Tears welled up in Aquitaine's eyes. They dripped to the floor and became lost in the small puddle of blood she was standing in.

“I wish I could have seen your wedding, Sis,” she croaked. “You would make a lovely bride.”

Her feathers flattened sharply to two dimensions, forming something like a black, inky, abstract painting of a griffon. They flowed up her body, as if being sucked forward to her face. She continued to mouth tearful words as her sister stared, motionless and silent. There was a blinding flash, the rattle of wood hitting the floor, and then Zecora was standing in Aquitaine's place.
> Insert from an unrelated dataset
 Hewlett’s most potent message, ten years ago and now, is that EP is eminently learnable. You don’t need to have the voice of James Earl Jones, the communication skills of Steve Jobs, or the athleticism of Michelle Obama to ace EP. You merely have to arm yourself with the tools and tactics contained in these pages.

“That is rather tough talk,” Zecora said, her voice scratching and gurgling as the ripped, bleeding flesh on her neck took its toll, “for a sheep far from her flock.” Gold-tinged smoke streamed from her eyes.
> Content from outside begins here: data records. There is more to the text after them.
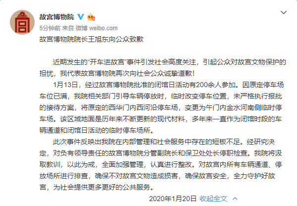 央視網(wǎng)消息:1月21日,針對近期發(fā)生的“開車進故宮”事件,故宮博物院院長王旭東在微博發(fā)出致歉聲明,全文如下: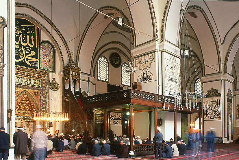 ブルサの ウル・ジャーミ(大モスク)で礼拝するムスリム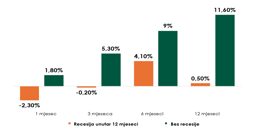 Grafikon 5 Prosječni prinosi S&P 500 indeksa nakon korekcije od 10% od 1980. godine (Interna analiza Eurizina)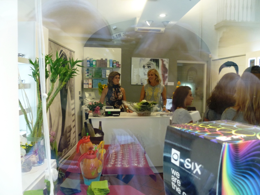 La vedete sorridente, nelle foto sopra, attorniata da clienti, amici, dalla collega Silvia Frittelli, con il vicesindaco (e assessore alle attività produttive) Joele Risaliti.

Adelaide's wings stretched out and her brow furrowed into a glare. “I'm not afraid of you.” She moved slowly to her bed, but always, Zecora noticed, with her eyes fixed on her. Adelaide reached underneath her canopied mattress and pulled out a long, curved white box, carved gracefully out of a single femur from some large beast. It slid across the floor until it smacked into Zecora's hooves, coming to a stop. “My soldiers are just a short call away, while you have no one but a pathetic husk of a horse to help you, if he even will. Besides, you're not looking so well, whereas I am perfectly healthy.”
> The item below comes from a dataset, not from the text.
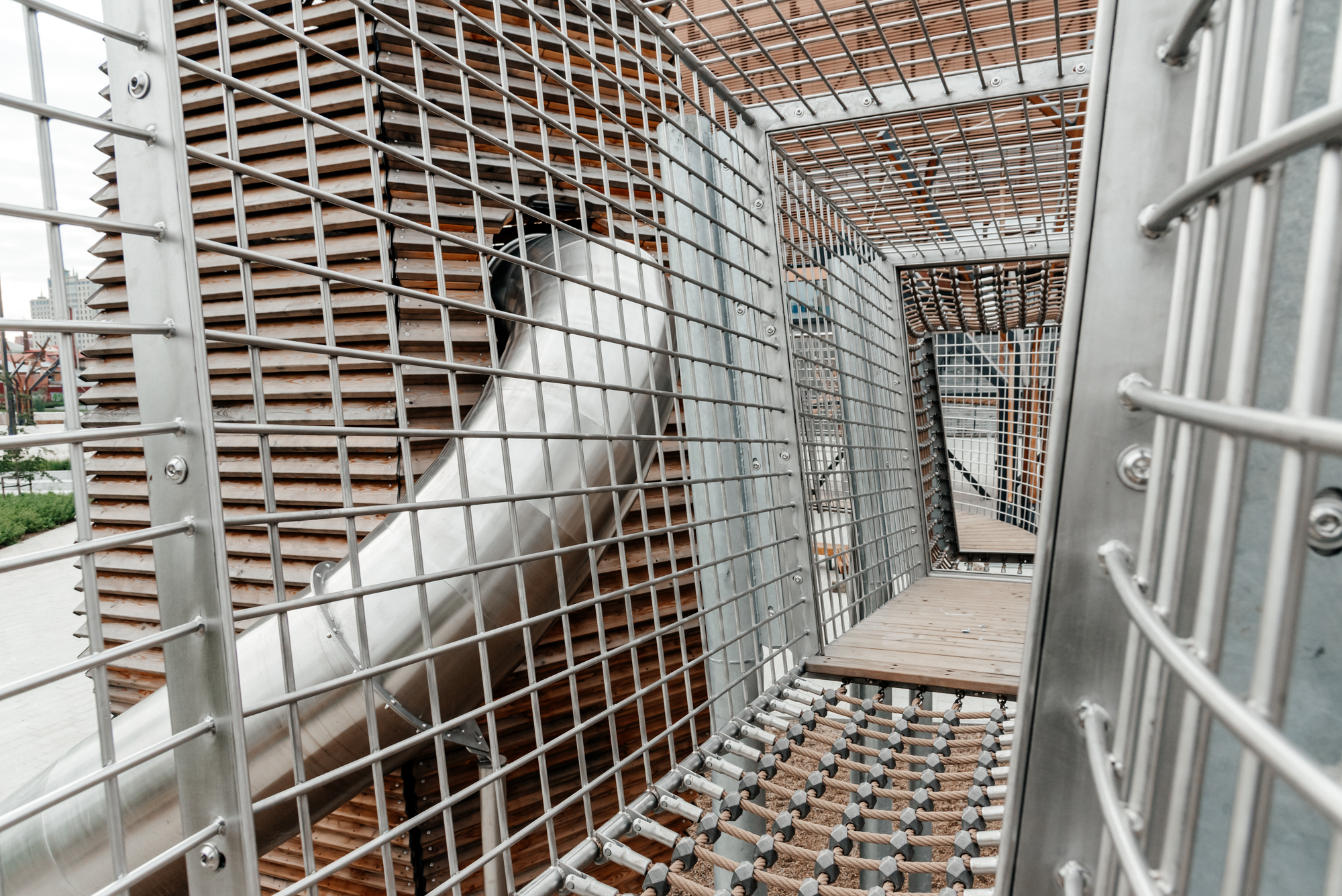 Внутри башен получились целые лабиринты пространств со смотровыми башнями, высокими прозрачными переходами и длинными тоннельными горками.

Zecora spent a few minutes unlocking the box, trying to stay slow and steady. She needed to keep a watch on the duchess's twitching talons, and she needed to move carefully, lest her blood loss and dizziness adversely affect her.

Opening it, she sighed shakily, punctuating the sigh with a hacking cough. Not even that pain could dull her smile. Inside the bone case was everything else she would need for the ritual she had been given by Luna's students. Amidst piles of mandrake roots, tapdragon leaves, and bags of multi-colored ash, there was a vial nearly full of dragon's blood. Along with the small supply she had benignly conned from the dragonling Spike, saying she needed it to cure a disease he had not actually had, it would be enough to release all three masks, with a little to spare.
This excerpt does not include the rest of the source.